4. Dorong pasien untuk menghitung jumlah serangan. Dengarkan, tapi tidak menyelidiki.
Mendengarkan dengan tidak menghakimi memberikan kesempatan untuk katarsis bahwa
pasien perlu memulai pemulihan. Jumlah yang rinci mungkin dibutuhkan untuk
tindak lanjut secara legal, dan seorang klinisi sebagai pembela pasien, dapat menolong
untuk mengurangi trauma dari pengumpulan bukti.

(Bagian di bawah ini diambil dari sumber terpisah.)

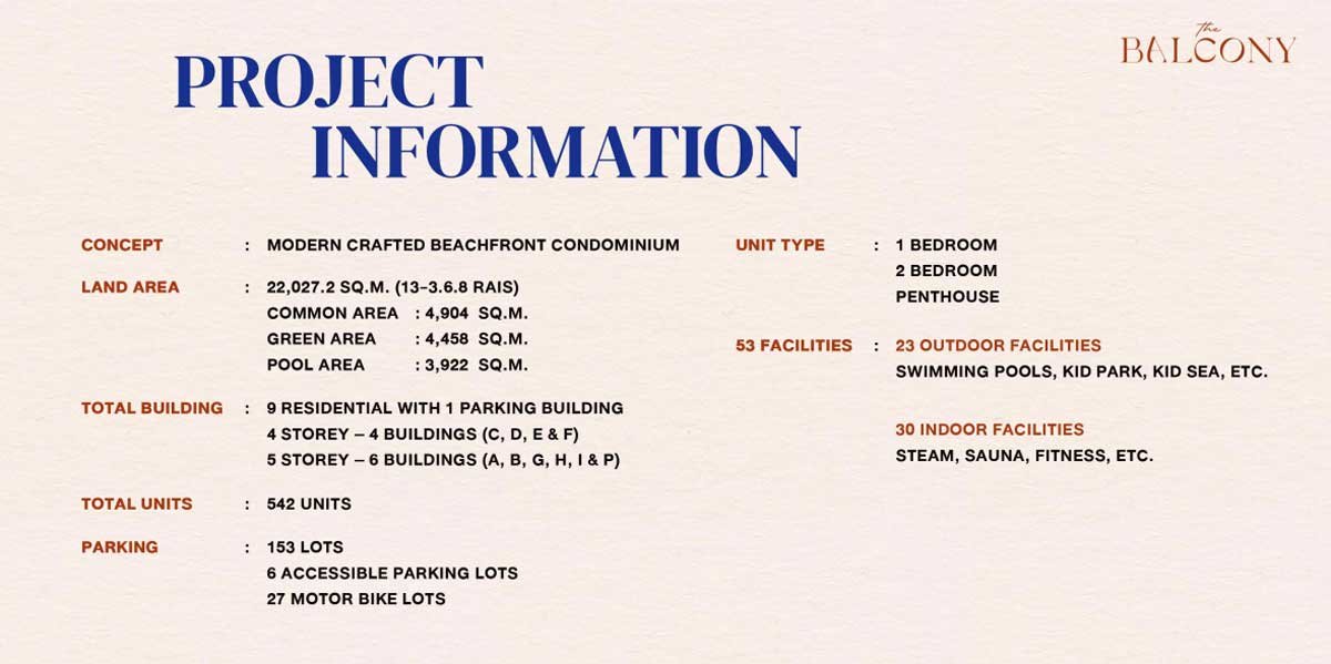The Balcony embraces a modern coastal aesthetic inspired by relaxed seaside living. Low-rise buildings (4-5 floors across 9 blocks) ensure a boutique feel with low density—only 542 units total on generous land—preserving open spaces and sea breezes.
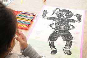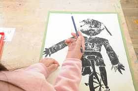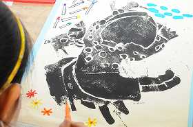 「うつして みつけて」をテーマに、版画に背景を書き足して作品を完成させています。

5. Diskusikan dengan pasien siapa yang dapat dihubungi untuk memberikan dukungan atau
bantuan. Berikan informasi tentang rujukan setelah perawatan. Karena ansietas berat dan
rasa takut, pasien mungkin membutuhkan bantuan dari orang lain selama periode segera
pasca-krisis. Berikan informasi rujukan tertulis untuk referensi selanjutnya (mis.,
psikoterapis, klinik kesehatan jiwa, kelompok pembela masyarakat.
6. Discharge Planning
Hasil yang diharapkan dari pemberian asuhan keperawatan pada anak dengan
penganiayaan seksual (sexual abuse) antara lain:
a. Anak tidak mengalami ansietas panik lagi.
b. Anak mendemonstrasikan derajat percaya kepada perawat primer.
c. Anak menerima perhatian dengan segera terhadap cedera fisiknya.
d. Anak memulai perilaku yang konsisten terhadap respons berduka.
e. Anak mendapatkan perhatian segera untuk cedera fisiknya jika ada.
f. Anak menyatakan secara verbal jaminan keamanannya dengan segera.
g. Anak mendiskusikan situasi kehidupannya dengan perawat primer.
h. Anak mampu menyatakan secara verbal pilihan –pilihan yang tersedia untuk
dirinya yang dari hal ini ia menerima bantuan.
i. Anak mendemosntrasikan rasa percaya kepada perawat utama melalui
mendiskusikan perlakuan penganiayaan melalui penggunaan terapi bermain.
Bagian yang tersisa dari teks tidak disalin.